[Extracted records]
:::

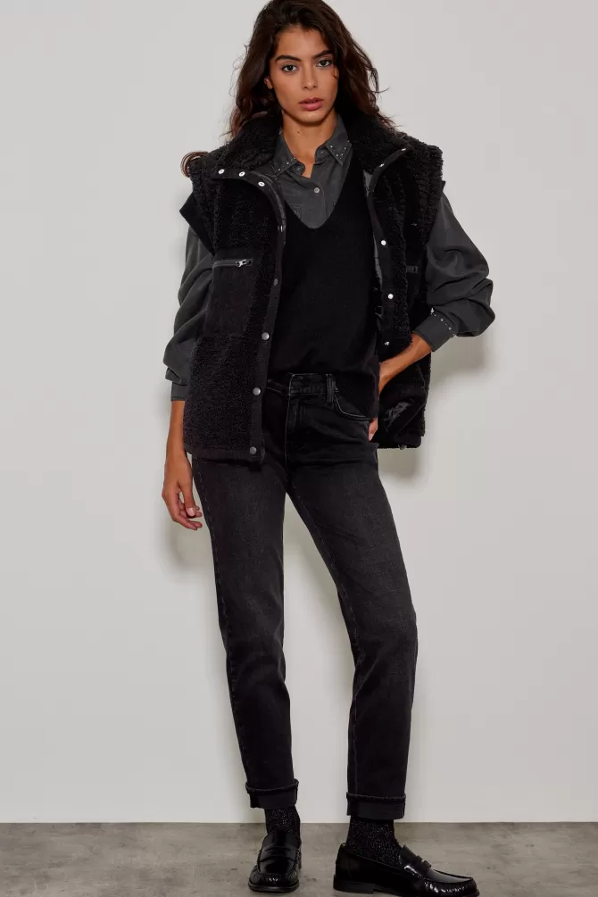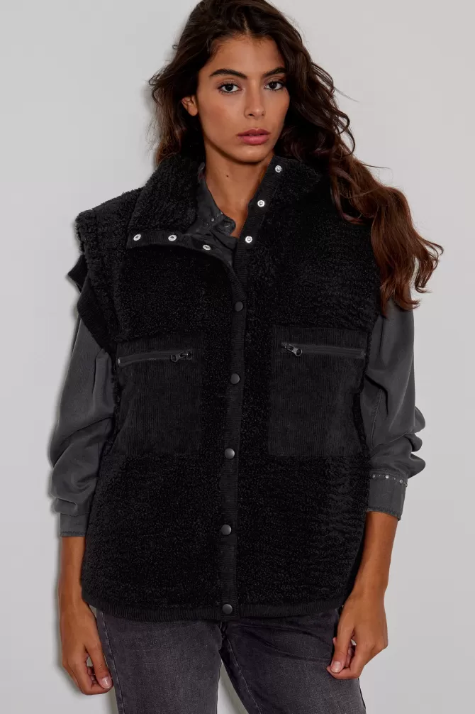 Veste courteCoupe droiteSans mancheFermeture avec un zip2 poches sur le devantComposition: 100% POLYESTERNotre mannequin…
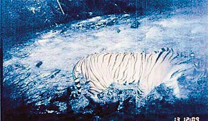 今年2月某晚,村民康萬年、高祖橋相約到南頓河去捉石蚌。當晚10點,康萬年突然發現河對岸的樹叢中有兩只閃閃發光的眼睛。康萬年取下背上的獵槍對其開了一槍,兩人跑去一看,原來是只老虎,老虎脖頸中槍,倒在地上死了。
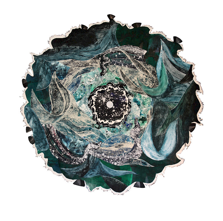 Original prints and collages by printmaker Catherine Robinson, featuring a large collage inspired by two books - Hope in the Dark by Rebecca Solnit, and Entangled Life, by Merlin Sheldrake. Solnit, life-long campaigner and activist, writes that change happens in the shadows - often through unnoticed collaborations between people. Biologist Sheldrake describes the symbiotic relationship between fungi and plants, and the interconnecting mycelium network in the soil supporting plant health and biodiversity. Folkestone writer Claude presents his reflections on the work.
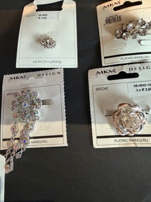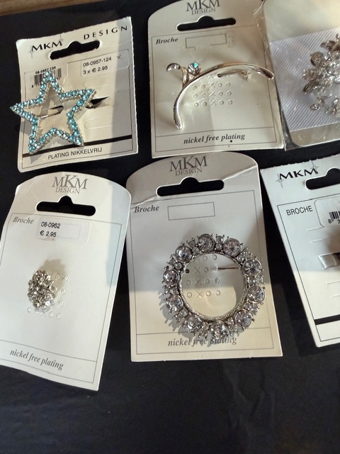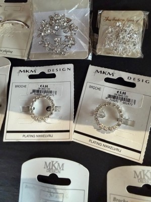 Partij van 14 broche's verschillende maten en soorten met strass en of parels
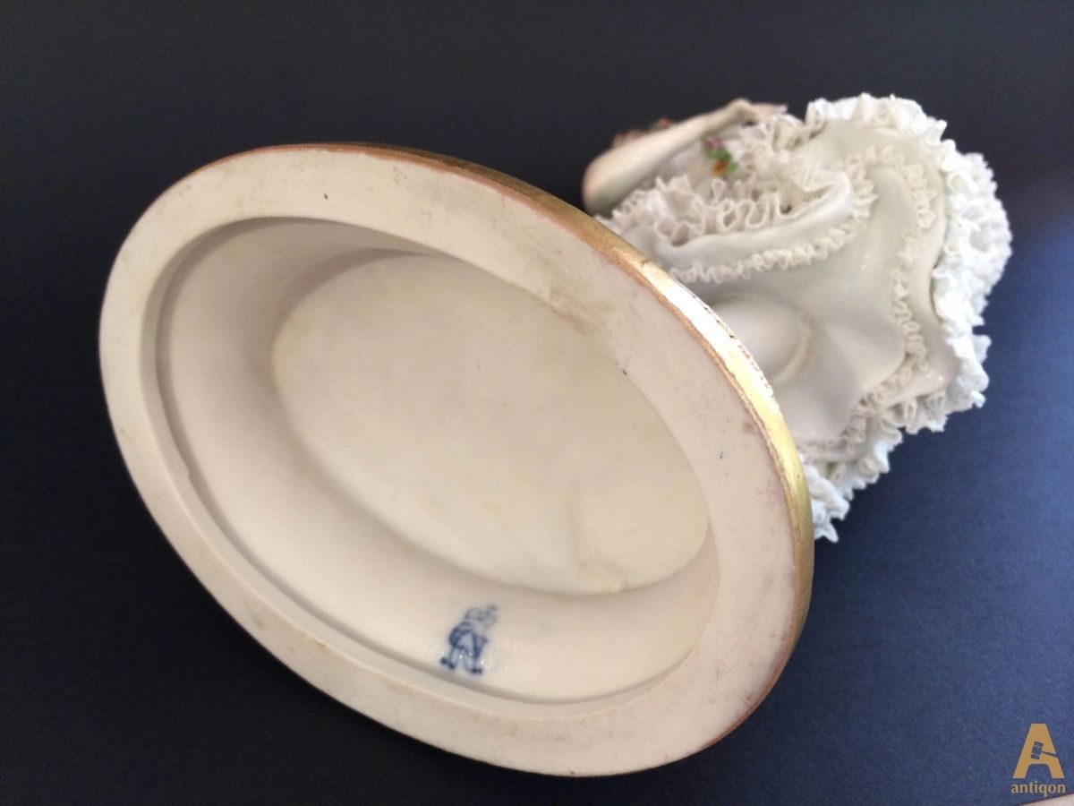 Porcelain figure of a dancing girl. The dress is made of porcelain lace. Sign of the manufacturer - Aelteste Volkstedter Porzellanfabrik AG

:::

■ What you need to do
Each line from the one containing "今年2月某晚,村民康萬年、高" through the final line of the data must be reproduced exactly, both ends included, with no pictures in the copy.

■ Exercise output
 今年2月某晚,村民康萬年、高祖橋相約到南頓河去捉石蚌。當晚10點,康萬年突然發現河對岸的樹叢中有兩只閃閃發光的眼睛。康萬年取下背上的獵槍對其開了一槍,兩人跑去一看,原來是只老虎,老虎脖頸中槍,倒在地上死了。
 Original prints and collages by printmaker Catherine Robinson, featuring a large collage inspired by two books - Hope in the Dark by Rebecca Solnit, and Entangled Life, by Merlin Sheldrake. Solnit, life-long campaigner and activist, writes that change happens in the shadows - often through unnoticed collaborations between people. Biologist Sheldrake describes the symbiotic relationship between fungi and plants, and the interconnecting mycelium network in the soil supporting plant health and biodiversity. Folkestone writer Claude presents his reflections on the work.
 Partij van 14 broche's verschillende maten en soorten met strass en of parels
 Porcelain figure of a dancing girl. The dress is made of porcelain lace. Sign of the manufacturer - Aelteste Volkstedter Porzellanfabrik AG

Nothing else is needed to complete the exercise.